§ Given information:

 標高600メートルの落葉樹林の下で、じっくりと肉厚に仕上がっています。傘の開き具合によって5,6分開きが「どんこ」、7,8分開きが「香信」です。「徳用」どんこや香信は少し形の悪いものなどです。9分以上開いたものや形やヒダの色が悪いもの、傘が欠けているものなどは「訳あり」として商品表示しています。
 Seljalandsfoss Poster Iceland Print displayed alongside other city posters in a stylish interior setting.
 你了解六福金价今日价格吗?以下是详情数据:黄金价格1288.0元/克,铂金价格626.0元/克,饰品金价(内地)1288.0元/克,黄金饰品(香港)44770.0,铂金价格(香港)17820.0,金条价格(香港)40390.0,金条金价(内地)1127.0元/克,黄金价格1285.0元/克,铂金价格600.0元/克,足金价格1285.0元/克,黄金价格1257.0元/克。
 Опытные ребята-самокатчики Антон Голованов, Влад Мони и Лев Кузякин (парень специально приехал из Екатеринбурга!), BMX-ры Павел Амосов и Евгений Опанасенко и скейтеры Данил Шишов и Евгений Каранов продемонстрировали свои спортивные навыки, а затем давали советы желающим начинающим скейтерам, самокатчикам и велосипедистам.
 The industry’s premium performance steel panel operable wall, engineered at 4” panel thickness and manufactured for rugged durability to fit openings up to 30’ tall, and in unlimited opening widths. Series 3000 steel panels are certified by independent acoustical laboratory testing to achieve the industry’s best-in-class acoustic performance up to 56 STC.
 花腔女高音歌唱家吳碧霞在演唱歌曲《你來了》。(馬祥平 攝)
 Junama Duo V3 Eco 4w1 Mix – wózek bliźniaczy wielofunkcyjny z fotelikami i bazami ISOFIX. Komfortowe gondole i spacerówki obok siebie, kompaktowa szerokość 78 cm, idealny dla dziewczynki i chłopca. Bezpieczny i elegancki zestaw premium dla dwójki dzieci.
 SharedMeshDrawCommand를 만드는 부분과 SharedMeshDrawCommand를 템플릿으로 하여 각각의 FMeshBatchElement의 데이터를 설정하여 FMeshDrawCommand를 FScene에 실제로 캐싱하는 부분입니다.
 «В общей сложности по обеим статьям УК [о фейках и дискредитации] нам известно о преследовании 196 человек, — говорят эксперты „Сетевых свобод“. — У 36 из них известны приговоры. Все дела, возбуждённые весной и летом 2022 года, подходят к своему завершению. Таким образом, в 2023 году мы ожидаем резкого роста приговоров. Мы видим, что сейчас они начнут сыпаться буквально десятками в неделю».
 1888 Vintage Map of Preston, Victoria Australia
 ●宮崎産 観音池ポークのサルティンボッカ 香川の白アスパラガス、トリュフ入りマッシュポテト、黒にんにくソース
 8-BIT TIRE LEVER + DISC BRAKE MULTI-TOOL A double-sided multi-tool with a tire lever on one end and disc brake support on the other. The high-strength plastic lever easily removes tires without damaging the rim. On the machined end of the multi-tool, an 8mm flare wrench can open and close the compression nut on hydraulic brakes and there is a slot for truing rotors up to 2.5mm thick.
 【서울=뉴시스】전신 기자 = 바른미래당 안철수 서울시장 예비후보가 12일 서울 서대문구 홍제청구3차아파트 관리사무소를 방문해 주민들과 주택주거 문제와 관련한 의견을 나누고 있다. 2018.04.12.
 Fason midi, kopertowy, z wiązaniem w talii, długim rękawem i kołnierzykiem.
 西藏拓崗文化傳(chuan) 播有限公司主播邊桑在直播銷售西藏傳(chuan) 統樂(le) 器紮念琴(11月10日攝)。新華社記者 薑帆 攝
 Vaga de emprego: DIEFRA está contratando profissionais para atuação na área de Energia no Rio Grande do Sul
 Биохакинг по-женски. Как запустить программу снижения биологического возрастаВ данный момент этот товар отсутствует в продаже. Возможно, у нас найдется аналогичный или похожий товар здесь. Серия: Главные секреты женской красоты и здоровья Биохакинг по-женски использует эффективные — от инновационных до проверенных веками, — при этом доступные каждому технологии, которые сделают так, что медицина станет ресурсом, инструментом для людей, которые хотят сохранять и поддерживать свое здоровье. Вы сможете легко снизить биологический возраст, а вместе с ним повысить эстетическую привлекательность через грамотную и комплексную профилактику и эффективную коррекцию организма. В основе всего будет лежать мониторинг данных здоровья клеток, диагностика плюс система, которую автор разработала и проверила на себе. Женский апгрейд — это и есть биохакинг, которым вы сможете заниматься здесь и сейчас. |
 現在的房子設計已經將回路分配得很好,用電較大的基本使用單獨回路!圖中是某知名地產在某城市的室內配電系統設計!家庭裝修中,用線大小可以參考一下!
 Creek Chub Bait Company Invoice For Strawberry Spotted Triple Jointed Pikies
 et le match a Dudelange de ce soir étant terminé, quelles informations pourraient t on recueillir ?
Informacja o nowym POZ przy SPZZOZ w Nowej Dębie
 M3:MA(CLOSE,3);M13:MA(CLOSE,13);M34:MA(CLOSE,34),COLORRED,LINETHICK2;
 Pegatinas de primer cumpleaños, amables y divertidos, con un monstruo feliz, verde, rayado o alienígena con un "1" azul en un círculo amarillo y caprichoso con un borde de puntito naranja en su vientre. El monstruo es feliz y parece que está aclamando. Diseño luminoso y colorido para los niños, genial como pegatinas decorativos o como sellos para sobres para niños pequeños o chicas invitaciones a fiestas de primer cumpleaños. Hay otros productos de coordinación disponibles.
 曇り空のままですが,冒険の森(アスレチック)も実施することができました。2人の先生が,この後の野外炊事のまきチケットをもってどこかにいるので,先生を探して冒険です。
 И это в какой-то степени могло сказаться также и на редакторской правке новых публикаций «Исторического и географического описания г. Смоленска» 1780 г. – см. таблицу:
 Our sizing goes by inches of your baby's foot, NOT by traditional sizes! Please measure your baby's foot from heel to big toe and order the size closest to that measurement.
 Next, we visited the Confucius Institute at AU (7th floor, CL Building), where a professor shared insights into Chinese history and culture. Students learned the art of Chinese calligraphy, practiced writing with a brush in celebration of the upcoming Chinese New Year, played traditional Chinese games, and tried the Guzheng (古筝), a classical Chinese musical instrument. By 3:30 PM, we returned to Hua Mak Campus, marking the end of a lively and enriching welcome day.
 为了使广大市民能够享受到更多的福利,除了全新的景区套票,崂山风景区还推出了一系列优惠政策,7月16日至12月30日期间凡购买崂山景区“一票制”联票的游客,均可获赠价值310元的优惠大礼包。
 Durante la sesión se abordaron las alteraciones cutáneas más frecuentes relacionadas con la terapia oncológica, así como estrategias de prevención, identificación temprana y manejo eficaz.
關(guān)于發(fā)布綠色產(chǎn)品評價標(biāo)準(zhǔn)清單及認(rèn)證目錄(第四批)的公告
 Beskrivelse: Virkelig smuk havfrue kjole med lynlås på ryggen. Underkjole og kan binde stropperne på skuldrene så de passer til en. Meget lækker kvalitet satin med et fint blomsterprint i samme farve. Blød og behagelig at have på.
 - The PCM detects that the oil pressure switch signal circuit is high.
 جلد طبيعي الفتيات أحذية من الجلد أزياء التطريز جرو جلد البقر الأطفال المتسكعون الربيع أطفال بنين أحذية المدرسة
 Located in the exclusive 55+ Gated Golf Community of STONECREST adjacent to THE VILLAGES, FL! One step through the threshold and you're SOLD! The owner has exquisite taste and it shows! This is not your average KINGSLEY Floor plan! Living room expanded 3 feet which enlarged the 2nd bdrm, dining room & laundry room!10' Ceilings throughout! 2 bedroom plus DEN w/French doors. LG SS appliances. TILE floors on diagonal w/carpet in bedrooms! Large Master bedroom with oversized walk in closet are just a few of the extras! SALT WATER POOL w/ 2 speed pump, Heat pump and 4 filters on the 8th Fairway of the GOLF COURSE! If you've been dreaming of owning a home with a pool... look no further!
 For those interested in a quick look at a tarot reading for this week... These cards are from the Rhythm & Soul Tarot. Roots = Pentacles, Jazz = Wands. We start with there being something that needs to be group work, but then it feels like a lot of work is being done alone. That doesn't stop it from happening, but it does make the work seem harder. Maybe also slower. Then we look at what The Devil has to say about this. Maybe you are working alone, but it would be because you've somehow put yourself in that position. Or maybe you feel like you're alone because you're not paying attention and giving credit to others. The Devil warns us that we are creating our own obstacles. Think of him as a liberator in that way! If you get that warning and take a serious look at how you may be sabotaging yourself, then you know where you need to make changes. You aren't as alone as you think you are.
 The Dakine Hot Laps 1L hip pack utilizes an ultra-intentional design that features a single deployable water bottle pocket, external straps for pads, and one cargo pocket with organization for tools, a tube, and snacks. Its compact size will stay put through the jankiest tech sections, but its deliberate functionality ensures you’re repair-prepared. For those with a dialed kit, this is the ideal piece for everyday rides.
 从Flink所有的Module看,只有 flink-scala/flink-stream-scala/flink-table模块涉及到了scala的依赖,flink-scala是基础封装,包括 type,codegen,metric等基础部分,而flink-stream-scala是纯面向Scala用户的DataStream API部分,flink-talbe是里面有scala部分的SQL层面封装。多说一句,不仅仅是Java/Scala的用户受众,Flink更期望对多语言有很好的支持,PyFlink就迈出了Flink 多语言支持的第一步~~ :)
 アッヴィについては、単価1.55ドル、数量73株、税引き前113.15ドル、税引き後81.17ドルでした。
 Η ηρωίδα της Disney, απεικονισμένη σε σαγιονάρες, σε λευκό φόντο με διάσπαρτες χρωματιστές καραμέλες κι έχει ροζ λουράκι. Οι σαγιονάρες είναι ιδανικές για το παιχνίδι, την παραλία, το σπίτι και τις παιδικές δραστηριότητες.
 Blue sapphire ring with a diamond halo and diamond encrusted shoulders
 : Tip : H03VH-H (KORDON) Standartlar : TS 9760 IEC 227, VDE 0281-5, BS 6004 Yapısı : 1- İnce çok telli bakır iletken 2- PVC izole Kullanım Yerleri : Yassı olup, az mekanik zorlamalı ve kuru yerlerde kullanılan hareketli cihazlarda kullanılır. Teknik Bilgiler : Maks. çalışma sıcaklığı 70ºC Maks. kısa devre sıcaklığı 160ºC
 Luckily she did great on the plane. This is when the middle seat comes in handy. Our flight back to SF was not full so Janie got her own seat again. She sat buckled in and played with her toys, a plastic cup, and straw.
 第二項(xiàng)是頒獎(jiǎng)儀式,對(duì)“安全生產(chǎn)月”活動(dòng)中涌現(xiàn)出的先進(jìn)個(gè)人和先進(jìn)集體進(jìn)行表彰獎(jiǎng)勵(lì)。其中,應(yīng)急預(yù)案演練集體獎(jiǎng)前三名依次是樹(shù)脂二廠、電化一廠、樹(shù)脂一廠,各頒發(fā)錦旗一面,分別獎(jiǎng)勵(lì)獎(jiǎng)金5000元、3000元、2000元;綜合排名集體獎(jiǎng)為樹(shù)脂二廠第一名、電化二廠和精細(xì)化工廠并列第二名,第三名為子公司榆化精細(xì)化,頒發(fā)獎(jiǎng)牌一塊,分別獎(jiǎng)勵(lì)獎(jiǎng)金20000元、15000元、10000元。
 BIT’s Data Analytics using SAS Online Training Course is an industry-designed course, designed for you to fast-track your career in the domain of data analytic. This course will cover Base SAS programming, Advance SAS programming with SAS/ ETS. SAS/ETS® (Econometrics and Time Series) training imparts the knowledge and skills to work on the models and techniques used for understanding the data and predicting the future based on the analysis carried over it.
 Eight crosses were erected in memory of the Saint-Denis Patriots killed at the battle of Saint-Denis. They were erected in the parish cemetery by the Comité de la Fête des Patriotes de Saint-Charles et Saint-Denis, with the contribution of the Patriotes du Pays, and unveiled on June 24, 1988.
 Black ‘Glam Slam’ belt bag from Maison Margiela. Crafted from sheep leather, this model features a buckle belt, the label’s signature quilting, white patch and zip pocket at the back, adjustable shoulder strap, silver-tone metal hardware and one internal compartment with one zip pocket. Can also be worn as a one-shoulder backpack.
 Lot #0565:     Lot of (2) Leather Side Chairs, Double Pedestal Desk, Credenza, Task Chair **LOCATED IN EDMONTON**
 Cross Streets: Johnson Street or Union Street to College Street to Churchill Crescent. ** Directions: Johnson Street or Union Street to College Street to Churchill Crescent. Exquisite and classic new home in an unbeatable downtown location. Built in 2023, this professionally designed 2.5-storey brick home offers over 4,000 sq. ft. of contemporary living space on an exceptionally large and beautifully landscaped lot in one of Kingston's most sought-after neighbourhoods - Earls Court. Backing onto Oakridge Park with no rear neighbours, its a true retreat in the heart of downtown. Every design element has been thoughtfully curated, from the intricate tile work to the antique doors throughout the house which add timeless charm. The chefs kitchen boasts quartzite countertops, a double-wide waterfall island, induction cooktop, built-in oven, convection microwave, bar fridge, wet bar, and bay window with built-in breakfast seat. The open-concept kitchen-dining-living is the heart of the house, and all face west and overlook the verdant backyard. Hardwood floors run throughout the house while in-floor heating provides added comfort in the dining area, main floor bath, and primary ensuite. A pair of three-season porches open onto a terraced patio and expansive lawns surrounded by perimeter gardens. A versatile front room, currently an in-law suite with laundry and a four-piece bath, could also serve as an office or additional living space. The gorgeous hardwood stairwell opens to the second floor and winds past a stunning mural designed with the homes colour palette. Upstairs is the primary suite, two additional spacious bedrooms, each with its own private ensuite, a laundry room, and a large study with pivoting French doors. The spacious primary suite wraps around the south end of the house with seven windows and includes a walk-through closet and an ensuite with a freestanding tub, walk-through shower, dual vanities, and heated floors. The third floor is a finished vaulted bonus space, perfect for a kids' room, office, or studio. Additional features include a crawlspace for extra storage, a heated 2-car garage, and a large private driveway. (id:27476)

§ About this task:
Return exactly, please, the lines of the material from the first one down to and including the line where "你了解六福金价今日价格吗?以" appears.

§ Output of the task:
 標高600メートルの落葉樹林の下で、じっくりと肉厚に仕上がっています。傘の開き具合によって5,6分開きが「どんこ」、7,8分開きが「香信」です。「徳用」どんこや香信は少し形の悪いものなどです。9分以上開いたものや形やヒダの色が悪いもの、傘が欠けているものなどは「訳あり」として商品表示しています。
 Seljalandsfoss Poster Iceland Print displayed alongside other city posters in a stylish interior setting.
 你了解六福金价今日价格吗?以下是详情数据:黄金价格1288.0元/克,铂金价格626.0元/克,饰品金价(内地)1288.0元/克,黄金饰品(香港)44770.0,铂金价格(香港)17820.0,金条价格(香港)40390.0,金条金价(内地)1127.0元/克,黄金价格1285.0元/克,铂金价格600.0元/克,足金价格1285.0元/克,黄金价格1257.0元/克。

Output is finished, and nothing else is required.